You can return a count of the number of processes killed by supplying the -c switch as follows:

pkill -c <programname>

The output will simply be the number of processes killed.

To kill all the processes for a particular user run the following command:

pkill -u <userid>

To find the effective user id for a user use the ID command as follows:

id -u <username>

For example:

id -u gary

You can also kill all the processes for a particular user using the real user ID as follows:

pkill -U <userid>

The real user ID is the ID of the user running the process. In most cases it will be the same as the effective user but if the process was run using elevated privileges then the real user ID of the person running the command and the effective user will be different.

To find the real user ID use the following command.

id -ru <userid>


You can also kill all the programs in a particular group by using the following commands

pkill -g <processgroupid>
pkill -G <realgroupid>

The process group id is the group id running the process whereas the real group id is the process group of the user who physically ran the command.

These may be different if the command was ran using elevated privileges.
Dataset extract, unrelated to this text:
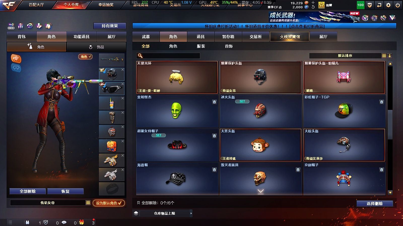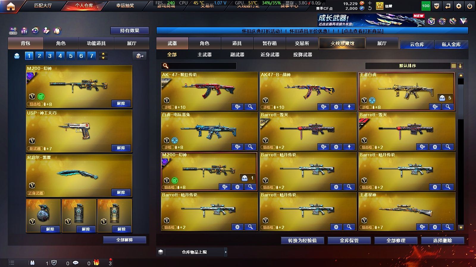 80V✨传说女帝艾莉莎✨幻神巅峰荣耀-黄忠✨2把usp神工✨王者星神-qbz蔷薇✨王者白虎+白虎电玩✨双面神毒蜂3炼狱生化道具齐全✨4防传说女帝+4防王者葵貂蝉+4防王者零国色天香✨【上海一区/74V/vip1/2传说】【传说女帝/传说艾莉莎】【M200-幻神/幻神-巅峰荣耀/M200-幻神-黄忠皮肤】【王者星神/王者白虎】【USP-神工天巧*2】【QBZ03-金色蔷薇*2】【QBZ03-天罚】【M4A1-雷神*2/雷神-荣耀之魄/M4A1-战神赵云/雷神-宇航兔皮肤/雷神-暗月】【Barrett-毁灭*2/毁灭-荣耀之怒/毁灭-战神张飞/毁灭耀金皮肤】【AK47-火麒麟*2/火麒麟-百城/火麒麟-CFSTAR*3/火麒麟-轻羽皮肤/火麒麟-心动糖果/火麒麟-华夏之心/火麒麟-战神关羽/火麒麟-雷神】【M4A1-黑骑士/黑骑士-战神马超】【AK47-无影/无影-神兵利器/无影-能量核心】【AK47-黑武士*3/黑武士-锦绣游龙】【天龙-CFSTAR】【M4A1-死神*5/M4A1-千变】【加特林-炼狱*3】【KAC-狂怒咆哮】【沙鹰-修罗*3/修罗-CFSTAR/修罗-冠军之魂】【沙鹰-天神*2】【麒麟刺*5】【擎天*2】【屠龙*4】【龙啸】【职业选手/新海豹突击队/晴雅/王者玲珑/王者-葵-貂蝉/王者-零-国色天香/龙儿/龙儿-小淘气/樱-青春偶像/卡塔琳娜/木兰/兔囡囡/灵狐者-黄金海岸/妲己/蜀雪/娟娟/潘多拉-X/斯沃特-X/影武者-X/堕天使/复仇者】【M4A1-玫瑰精灵/M4A1-龙血*4/M4A1-猎神】【白虎-电玩/AK47-B-战神/AK-47-猩红传说*2】【AK47-机械迷城/AK12-天启】【AN94-超新星*4】【Barrett-暗月传说*4】【Colt 1911-大黄蜂/柯尔特-萌杀/新USP-枪王排位奖励*3】【斩神刀/金刚伞-电玩红兔】【神圣爆裂者-末日III/巨龙咆哮-深渊金】【黑龙吞噬者/斯泰尔-巧克力】【M4A1-小黄鸡/COP-旗袍/M37-葵/黄金迷你深渊冰龙/夺魂】【王者森决/王者森决/王者之魄】【烟雾弹-竞技荣光】【高爆手雷-雷霆/闪光弹-雷霆/烟雾弹-雷霆】【透明头盔/烟雾保护头盔/闪光护目镜/运动护目镜/超级对讲机/超级背包/防弹头盔*5/防弹衣*5/C4工具钳*5/手雷包*5/防化服】

To find the group id for a user run the following ID command:

id -g

To find the real group id using the following ID command:

id -rg

You can limit the amount of processes pkill actually kills. For instance killing all of a users processes is probably not what you want to do. But you can kill their latest process by running the following command.

pkill -n <programname>

Alternatively to kill the oldest program run the following command:

pkill -o <programname>

Imagine two users are running Firefox and you just want to kill the version of Firefox for a particular user you can run the following command:

pkill -u <uid> firefox

You can kill all processes which have a specific parent ID. To do so run the following command:

pkill -P <parentprocessID>

You can also kill all processes with a specific session ID by running the following command:

pkill -s <sessionID>

Finally you can also kill all processes running on a particular terminal type by running the following command:

pkill -t <terminal>

If you want to kill a lot of processes you can open a file using an editor such as nano and enter each process on a separate line. After saving the file you can run the following command to read the file and kill each process listed within it.

pkill -F /path/to/file

The Pgrep Command

Before running the pkill command it is worth seeing what the effect of the pkill command will be by running the pgrep command.

The pgrep command uses the same switches as the pkill command and a few extra ones.

Summary

This guide has shown you how to kill processes using the pkill command. Linux certainly has plenties of options available for killing processes including killall, kill, xkill, using the system monitor and the top command.

It is up to you to choose which one is suitable for you.